Monitor your Zabbix proxies!
Rédigé par uTux Aucun commentaireWe had that crazy situation where a Zabbix Proxy was down (VM stopped) and we had no idea about it.
That was quite the surprise because "Well, we should have had a crapload of 'No data' alerts from every host that report to that proxy". Spoiler alert: No, we didn't. We lost monitoring over hundreds of hosts for 24+ hours and everything was fine in Zabbix UI. In fact I realized that situation when the network engineer asked me why his Zabbix dashboards were empty.
An explanation
I admit I don't understand the nodata documentation regarding the function's behavior when a proxy is down. What I understand from real life use case: in a full Active configuration, nodata() based triggers won't work if data can't be collected.
Yes, that sounds stupid because we usually use nodata() triggers to detect when a host goes offline and does not report to Zabbix any longer.
Workarounds
1 - Monitor your proxies
There is an "Zabbix internal" item that can help us: zabbix[proxy,<name>,<param>]. According to the documentation:
- param - lastaccess - the timestamp of the last heartbeat message received from proxy; - This item is always processed by Zabbix server regardless of host location (on server or proxy).

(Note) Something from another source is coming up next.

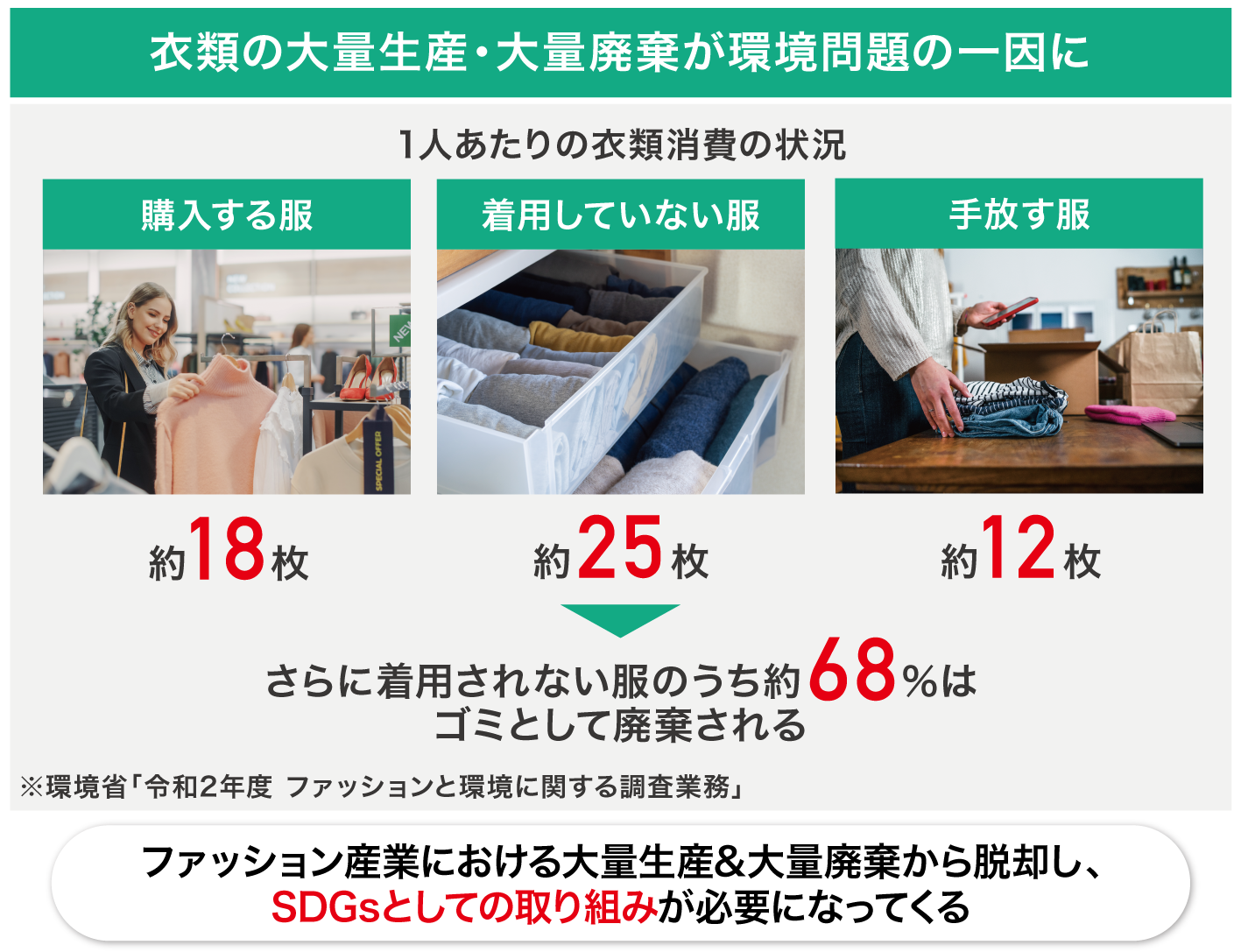 環境省の調査では、日本人は「1年間に一度も着ていない服」を1人あたり平均25枚も所持しており、さらに、着用されない服のうち約68%は、リユースや再利用されることなくゴミとして廃棄されているとしています。また、国内だけでも年間約100万tもの衣類が大量廃棄されています(出典:独立行政法人 中小企業基盤整備機構)。

What that means is that we have a reliable way to register when was the last time that the Zabbix Proxy reported to the server. We can use that information to build a trigger.
You can edit the "Zabbix proxy health" template and add an item:
- Name: Zabbix Proxy last access time
- Type: Zabbix internal
- Key: zabbix[proxy,{HOST.NAME},lastaccess]
- Type of information: Numeric (unsigned)
- Units: unixtime
Then create a trigger:
- Name: "Proxy did not reported to the server for a long time"
- Expression: fuzzytime(/template/zabbix[proxy,{HOST.NAME},lastaccess],15m)=0
Now if you shut down your proxy, an alert should be triggered within 15 minutes.
2 - Enforce "strict" mode in nodata()
The nodata() function has an optional parameter that you can set to "strict":
mode - if set to strict (double-quoted), this function will be insensitive to proxy availability (see comments for details).
You can add that parameter to the "base" Linux and Windows active templates. Now your nodata() based triggers should fire up for every single monitored host even if they can't report to Zabbix.